Try it
Each image should be skipped while the records are restated word for word.

Data excerpts
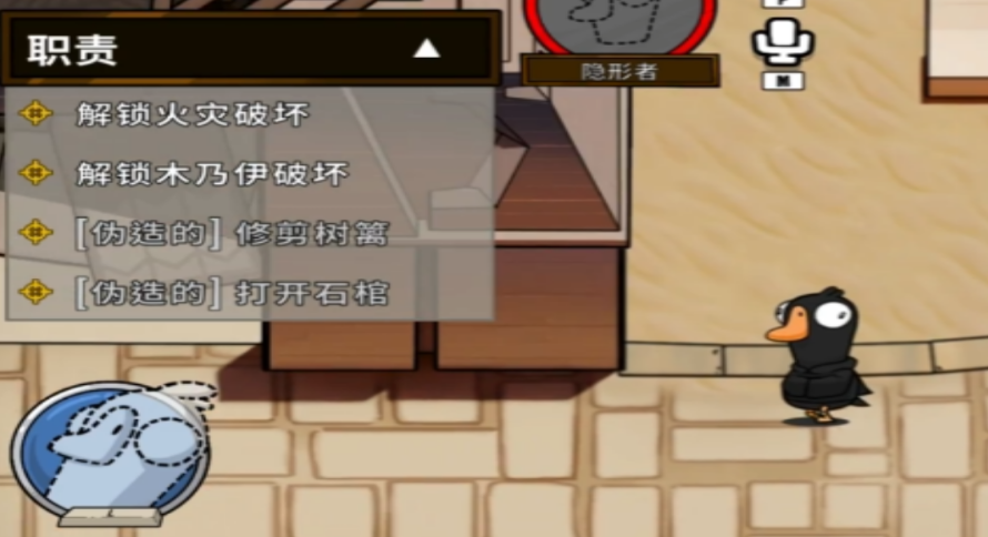 玩家成为隐形鸭的时候,在鹅鸭杀手游当中要了解他的技能,比如他能够持续5秒钟的时间直接隐身。并且在隐身的状态下,它的移动速度也将会大幅度的提升,简单来说就是隐形鸭在隐身快速接近目标或者是逃离危险的时候,这个技能其实能够有效的帮助他。虽然隐身的技能具备一定的优势,但是它其实也具备代价,而他所看到的视线全部都是灰色的,在这样的情况下,他不能够看到队友,也不能够看到敌人。
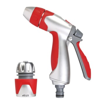 De spuitpistool met slangkoppeling waterstop ligt comfortabel in de hand dankzij het antislip handvat. De waterstraal is eenvoudig aan te passen doormiddel van de rubberen verstelring van een fijne sproeinevel tot een volle straal. Hierdoor is dit waterpistool geschikt om te reinigen en om planten water te geven. De watertoevoer kunt u doormiddel van de impulsgreep regelen, deze kan ook vastgezet worden om langdurig sproeien eenvoudiger te maken. De spuitpistool kan eenvoudig aan de tuinslang bevestigt worden door middel van de 1/2” slangkoppeling met waterstop.
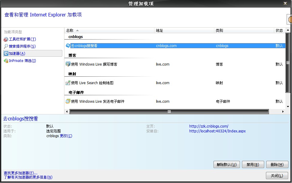 在IE8中右擊-->所有加速器-->管理加速器即可以對(duì)現(xiàn)有的加速器進(jìn)行管理,如下
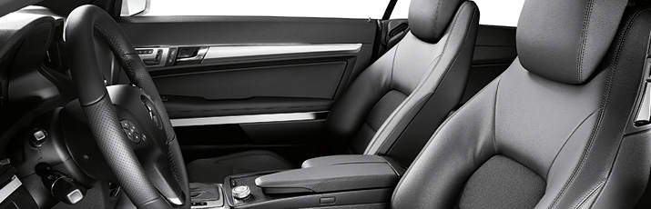 Relaxation and sportiness are combined in the seats of the new E-Class Coupé. The front seats are ergonomically designed and come equipped as standard with NECK-PRO head restraints. Their design provides optimum stability for the driver and front passenger even when a dynamic driving style is preferred. The height and backrest inclination feature electric adjustment as standard. The passengers in the back seats enjoy comfortable upholstery with individual seat design and integrated head restraints. There is an open stowage compartment between the rear seats along with a double cup holder under a rolling cover. The backrests can also be divided when transporting bulky objects.
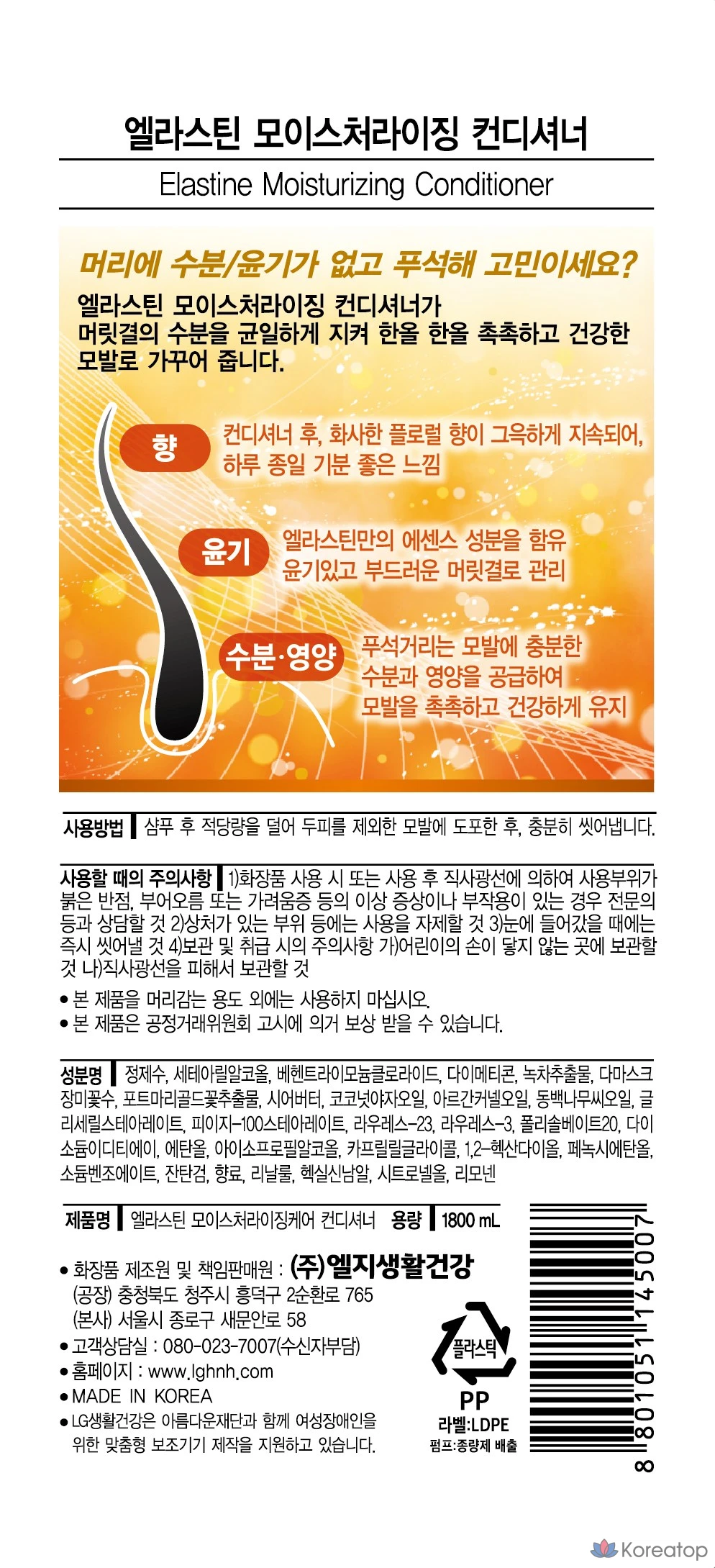 Увлажняющий кондиционер Elastine, 1,8 л, 1 шт.
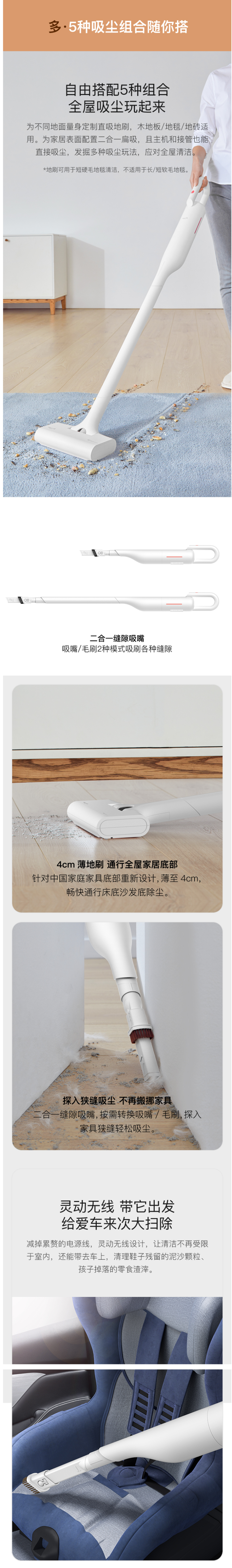 内置性能强悍的迷你电机,带动涡轮风叶瞬速带来高达8500Pa的风压,真空度可达8500Pa,相比上一代吸力提升约50%;实验搭配吸盘测试可轻松提起50斤箱子,配有二合一扁吸头、地刷、内置2200mAh锂电池,满电后能提供30分钟续航,无线使用更灵动,车载、电脑、充电宝可直接为其充电,非常方便。
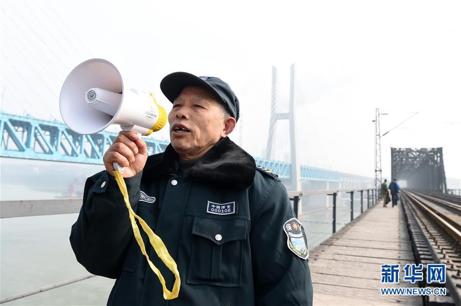 伍勇春在白沙沱大橋上用喊話器提醒過往行人注意安全,他身后(圖片左側(cè))就是渝貴鐵路線上的新白沙沱長江特大橋(2月6日攝)。今年已經(jīng)60歲的伍勇春是川黔鐵路線上的一名護路隊員,他常年駐守在橫跨于長江之上的白沙沱大橋旁,巡查線路隱患、提醒過往行人安全,被附近居民親切地稱為“守橋人”。2018年1月25日渝貴鐵路通車,與白沙沱大橋并行的新白沙沱長江特大橋同期投入使用,該橋是雙層六線鋼桁梁鐵路斜拉橋,也是渝貴鐵路線上的重要節(jié)點工程。為了保障新橋的安全運行,擁有豐富守橋護橋工作經(jīng)驗的伍勇春又被招為渝貴鐵路護路隊員,和他的團隊同時承擔(dān)起新舊兩座鐵路大橋的護衛(wèi)工作。新白沙沱長江特大橋擁有上下兩層總共6條客運、貨運鐵路線,伍勇春不僅要時刻巡查防止行人、動物進入大橋,還要經(jīng)常進入尚未投入運營的下層貨運鐵路線巡視安全、檢查設(shè)施設(shè)備是否正常。同時,伍勇春還要不時返回白沙沱大橋提醒過橋行人注意通行安全。工作量增加了,伍勇春卻從未抱怨過一句。在伍勇春看來,保障行人旅客安全、維護鐵路春運暢通是他這位“守橋人”應(yīng)盡的職責(zé)。新華社記者 唐奕 攝 -

Exercise solution
 玩家成为隐形鸭的时候,在鹅鸭杀手游当中要了解他的技能,比如他能够持续5秒钟的时间直接隐身。并且在隐身的状态下,它的移动速度也将会大幅度的提升,简单来说就是隐形鸭在隐身快速接近目标或者是逃离危险的时候,这个技能其实能够有效的帮助他。虽然隐身的技能具备一定的优势,但是它其实也具备代价,而他所看到的视线全部都是灰色的,在这样的情况下,他不能够看到队友,也不能够看到敌人。
 De spuitpistool met slangkoppeling waterstop ligt comfortabel in de hand dankzij het antislip handvat. De waterstraal is eenvoudig aan te passen doormiddel van de rubberen verstelring van een fijne sproeinevel tot een volle straal. Hierdoor is dit waterpistool geschikt om te reinigen en om planten water te geven. De watertoevoer kunt u doormiddel van de impulsgreep regelen, deze kan ook vastgezet worden om langdurig sproeien eenvoudiger te maken. De spuitpistool kan eenvoudig aan de tuinslang bevestigt worden door middel van de 1/2” slangkoppeling met waterstop.
 在IE8中右擊-->所有加速器-->管理加速器即可以對(duì)現(xiàn)有的加速器進(jìn)行管理,如下
 Relaxation and sportiness are combined in the seats of the new E-Class Coupé. The front seats are ergonomically designed and come equipped as standard with NECK-PRO head restraints. Their design provides optimum stability for the driver and front passenger even when a dynamic driving style is preferred. The height and backrest inclination feature electric adjustment as standard. The passengers in the back seats enjoy comfortable upholstery with individual seat design and integrated head restraints. There is an open stowage compartment between the rear seats along with a double cup holder under a rolling cover. The backrests can also be divided when transporting bulky objects.
 Увлажняющий кондиционер Elastine, 1,8 л, 1 шт.
 内置性能强悍的迷你电机,带动涡轮风叶瞬速带来高达8500Pa的风压,真空度可达8500Pa,相比上一代吸力提升约50%;实验搭配吸盘测试可轻松提起50斤箱子,配有二合一扁吸头、地刷、内置2200mAh锂电池,满电后能提供30分钟续航,无线使用更灵动,车载、电脑、充电宝可直接为其充电,非常方便。
 伍勇春在白沙沱大橋上用喊話器提醒過往行人注意安全,他身后(圖片左側(cè))就是渝貴鐵路線上的新白沙沱長江特大橋(2月6日攝)。今年已經(jīng)60歲的伍勇春是川黔鐵路線上的一名護路隊員,他常年駐守在橫跨于長江之上的白沙沱大橋旁,巡查線路隱患、提醒過往行人安全,被附近居民親切地稱為“守橋人”。2018年1月25日渝貴鐵路通車,與白沙沱大橋并行的新白沙沱長江特大橋同期投入使用,該橋是雙層六線鋼桁梁鐵路斜拉橋,也是渝貴鐵路線上的重要節(jié)點工程。為了保障新橋的安全運行,擁有豐富守橋護橋工作經(jīng)驗的伍勇春又被招為渝貴鐵路護路隊員,和他的團隊同時承擔(dān)起新舊兩座鐵路大橋的護衛(wèi)工作。新白沙沱長江特大橋擁有上下兩層總共6條客運、貨運鐵路線,伍勇春不僅要時刻巡查防止行人、動物進入大橋,還要經(jīng)常進入尚未投入運營的下層貨運鐵路線巡視安全、檢查設(shè)施設(shè)備是否正常。同時,伍勇春還要不時返回白沙沱大橋提醒過橋行人注意通行安全。工作量增加了,伍勇春卻從未抱怨過一句。在伍勇春看來,保障行人旅客安全、維護鐵路春運暢通是他這位“守橋人”應(yīng)盡的職責(zé)。新華社記者 唐奕 攝 -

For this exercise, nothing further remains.